Vous croyez sans doute que je vais maintenant, pour contraster avec cette triste peinture, vous montrer quelque tête virginale entourée d’une auréole, quelque touchante personnification de l’innocence pressant la colombe de paix sur sa poitrine.

Vous vous trompez ; je n’ai rien vu de pareil, et je ne peux pas le retracer. De toutes les élèves de Mlle Reuter, celle qui possédait les plus heureuses dispositions était une jeune personne de la campagne, nommée Louise Path ; elle était douce et bonne, mais ignorante, commune dans ses manières et n’ayant pas su échapper à une dissimulation contagieuse ; pour toutes ces jeunes filles la franchise et la bonne foi n’existaient pas, les mots d’honneur et de loyauté n’avaient pour elles aucun sens. La moins répréhensible de tout le pensionnat était la pauvre Sylvie dont j’ai déjà parlé ; intelligente et distinguée dans ses habitudes, elle avait autant de sincérité que sa religion lui permettait d’en avoir ; mais d’une santé déplorable, qui avait entravé sa croissance et jeté sur son esprit comme un voile de tristesse, on la destinait au couvent, et son âme s’était courbée tout entière sous la direction qu’on lui avait fait prendre ; déjà préparée à la vie qui l’attendait, elle avait abdiqué toute indépendance, et avait remis sa pensée entre les mains d’un confesseur despotique.

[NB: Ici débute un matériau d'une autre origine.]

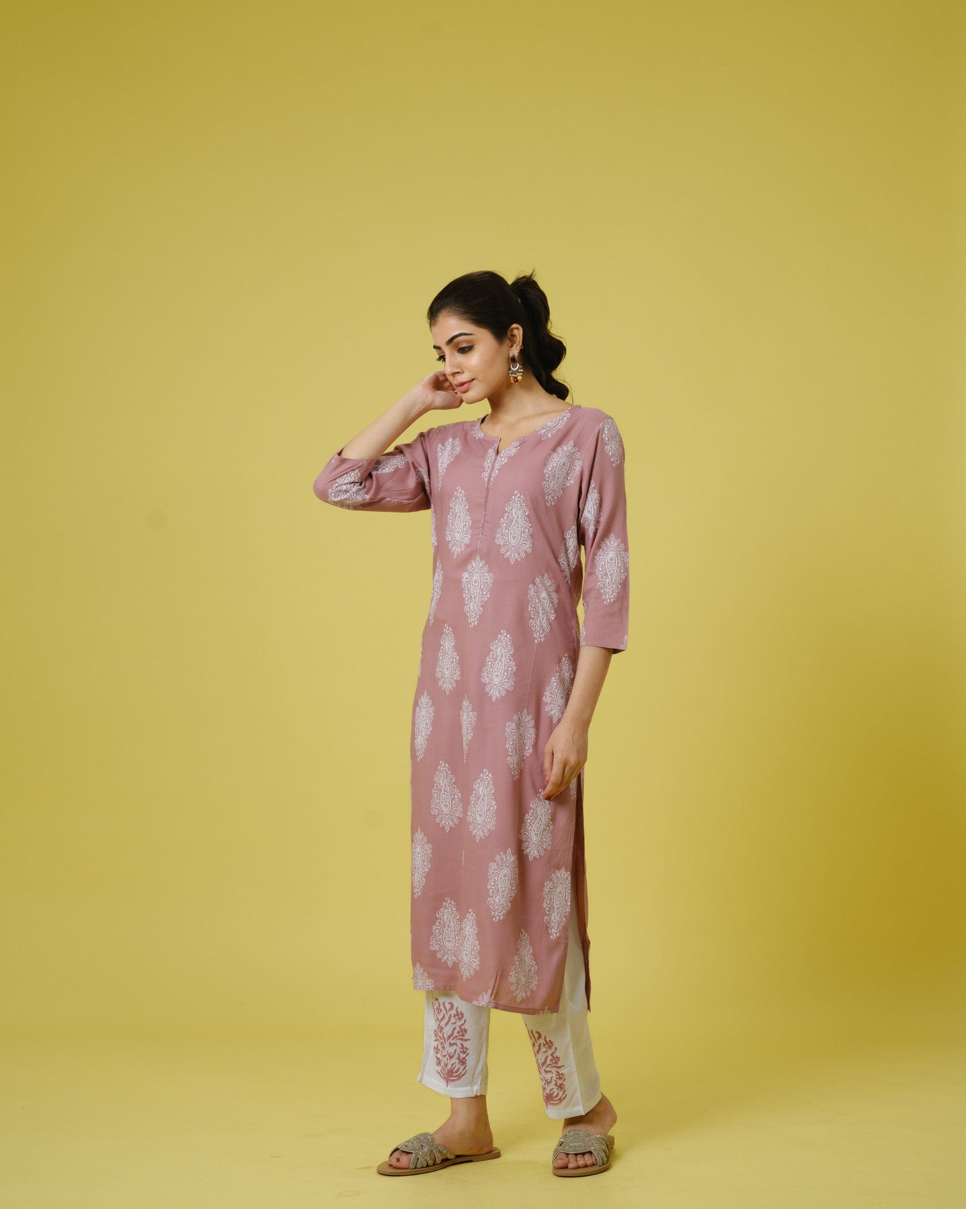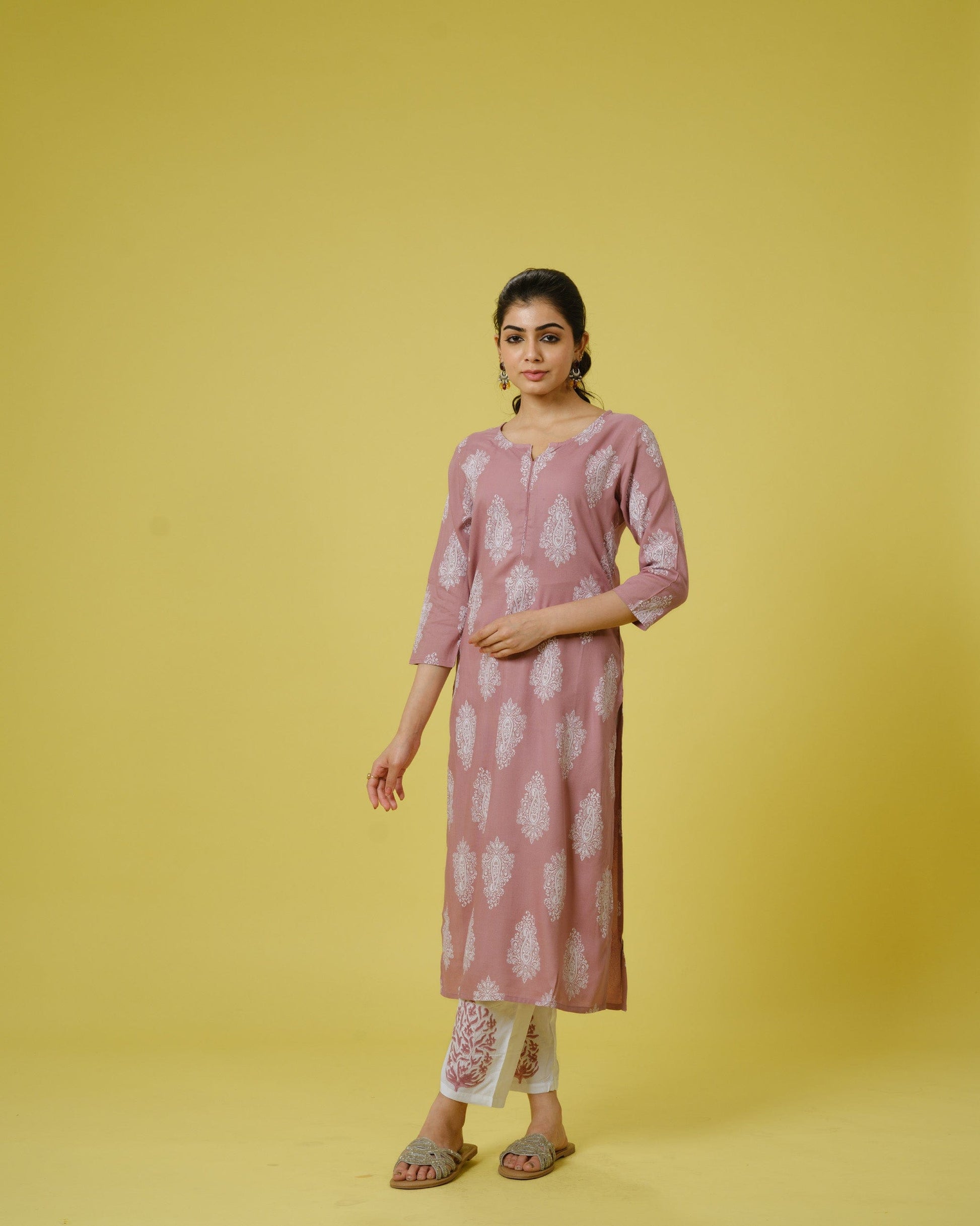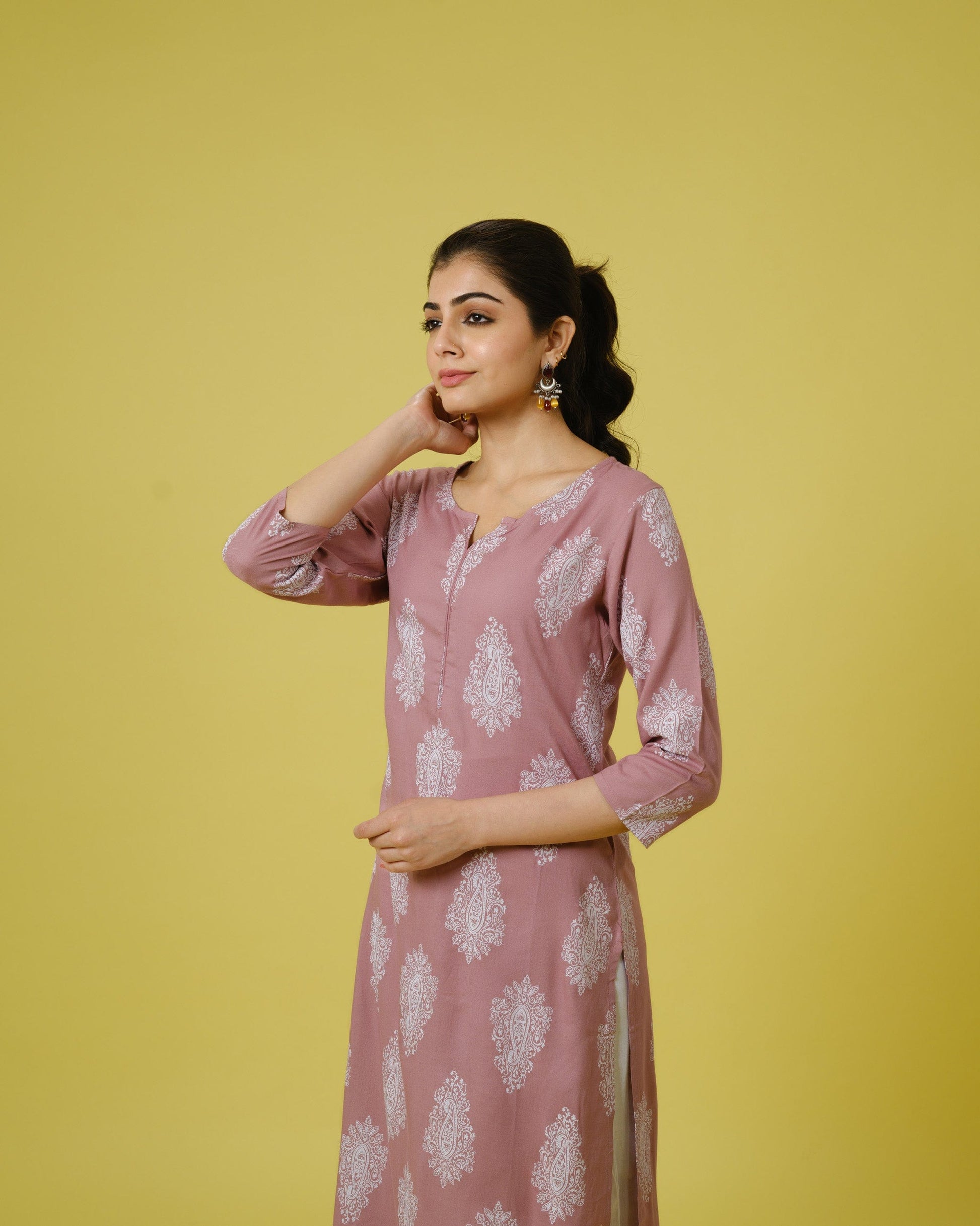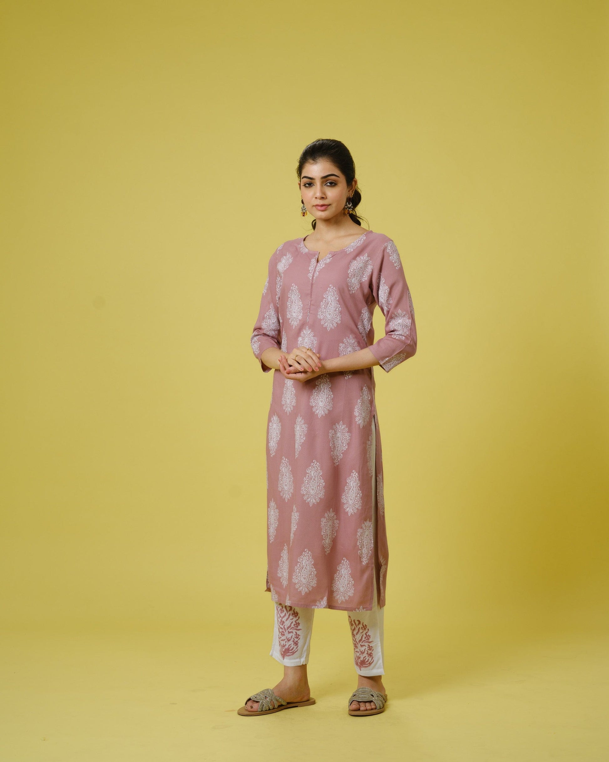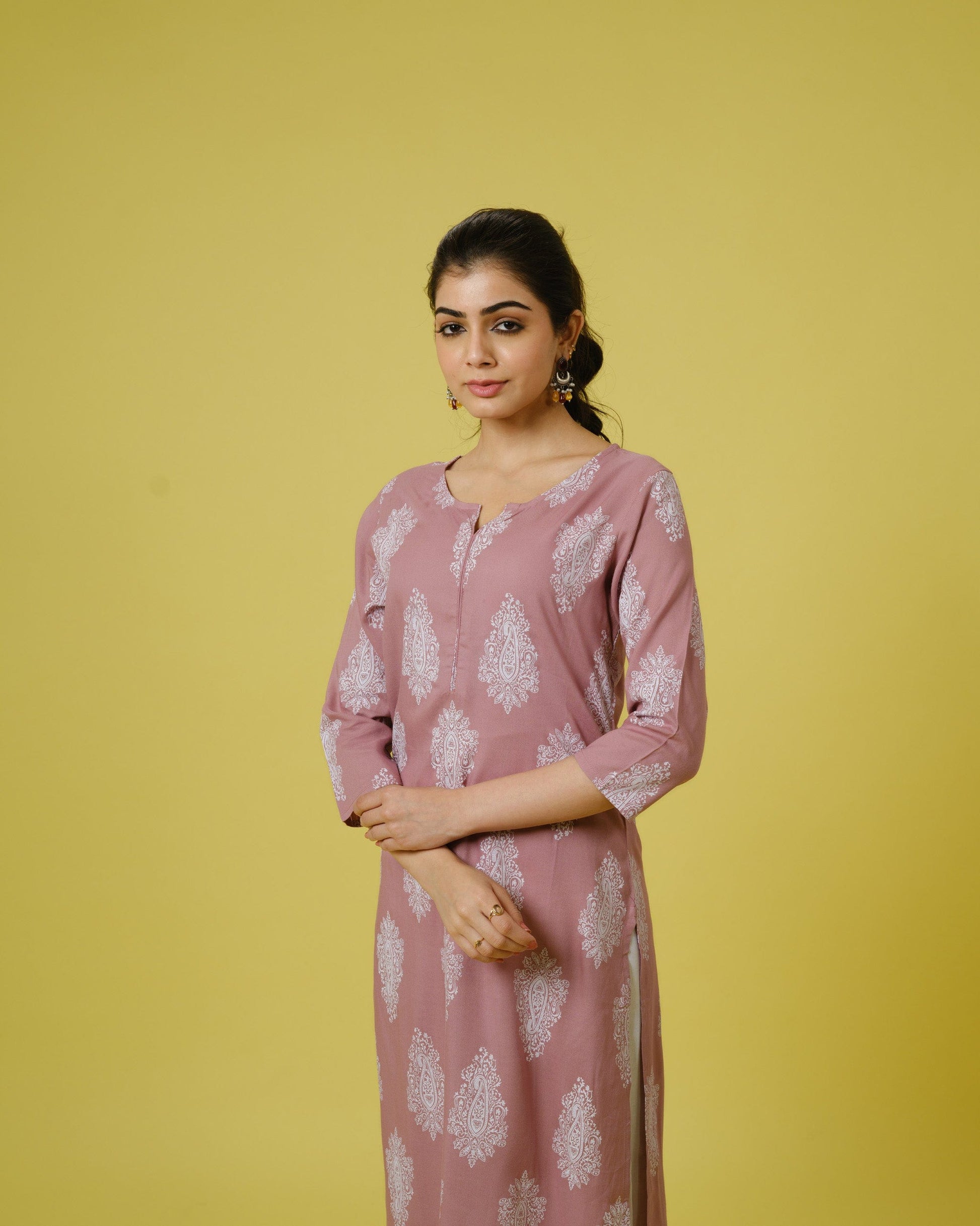 Lavender 3/4th Sleeves Cotton Cambric Traditional Motifs Calf Length Kurta Set - With Dupatta

Aveuglément soumise à la volonté d’un autre, elle ne se permettait ni de juger, ni de choisir, et accomplissait avec la passivité d’un automate les moindres choses qui lui étaient commandées. C’était l’élève modèle du pensionnat Reuter ; pâle créature, chez laquelle un peu de vie sommeillait encore, mais dont la magie du prêtre avait soutiré l’âme.